Were the adopted children international, from foster care or domestic. It can make a huge difference in both behaviors and their perception.
Sara, how do you think the type of adoption might affect the parent’s behavior or perception?
Not the parent’s behaviors so much as the kids. Are they coming from understaffed orphanages where they were competing for limited attention and resources? Are they coming out of the foster system, witnessing abuse and/or being neglected in their family of origin then having been bounced from family to family and feeling rejected at every turn? And then there’s the training the parents receive ‘Your child has been traumatized’, ‘your child can (implied to mean *will*) have difficult, maladapted behavior as response to their environment’. It’s like the parents are set up to *expect* adopted children to be different (more difficult) then bio children. Even domestic infant adoption can be potentially fraught if the primal wound theory is subscribed to. Tell a parent their child is likely to be damaged and they will tend towards interpreting any behavior as maladaptive.

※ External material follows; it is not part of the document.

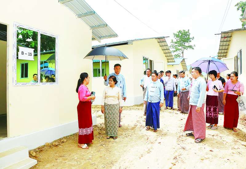 မြန်မာနိုင်ငံတော်ဗဟိုဘဏ်ဥက္ကဋ္ဌ ဒေါ်သန်းသန်းဆွေသည် ဒုတိယဥက္ကဋ္ဌ ဦးဇော်မြင့်နိုင်နှင့်အတူ ငလျင်ဒဏ်ကြောင့် ဝန်ထမ်းအိမ်ရာ ထိခိုက်ပျက်စီးခဲ့သော ဝန်ထမ်းမိသားစုများ နေထိုင်ရန်အတွက် မြန်မာနိုင်ငံတော်ဗဟိုဘဏ်ရုံး အမှတ်(၅၅) ဧရိယာအတွင်းတွင် တည်ဆောက်ပြီးစီးသည့် Bashar လိုင်းခန်း ၁၆ လုံး၊ Container House နှစ်ခန်းတွဲ ၃၇ လုံးနှင့် Container Singal ၅၉ လုံးတို့တွင် ဝန်ထမ်းများ စနစ်တကျပြောင်းရွှေ့ နေရာချထားမှုအခြေအနေများကို ကြည့်ရှုစစ်ဆေးသည်။

Done both. No difference. Period.
I do favor my bio child over adoptive, and the research you cited does show some divergence in how parents perceive their adoptive children. My adoptive child is simply harder to parent. If I had to do it again, I’m not sure I’d adopt.
anon, that’s a hard place to be. If you haven’t sought family therapy, please give it a try.
I’ve sought therapy on several occasions, but the hard truth is that my bio kid is my favorite, and I don’t know what amount of therapy will change what my heart feels. I often wonder if the contrast with how I feel about my kids wouldn’t be so stark if I gave birth to or adopted them both. Thanks for posting this article, I think it’s a very important topic, although I think I’m not in much company based on the Facebook comments.
anon, I agree that it’s an important topic. I sincerely hope, however, that you are not correct that there is nothing you can to go change how you feel. We humans can and do change. Have you reached out to your adoption agency to seek help?
Thank you for your honesty. I wish my adoptive parents had not adopted me – or at least not had a natural child later.
I could have written your words but was fearful. While your post is 6 years old, I wanted to thank you as I don’t feel so alone.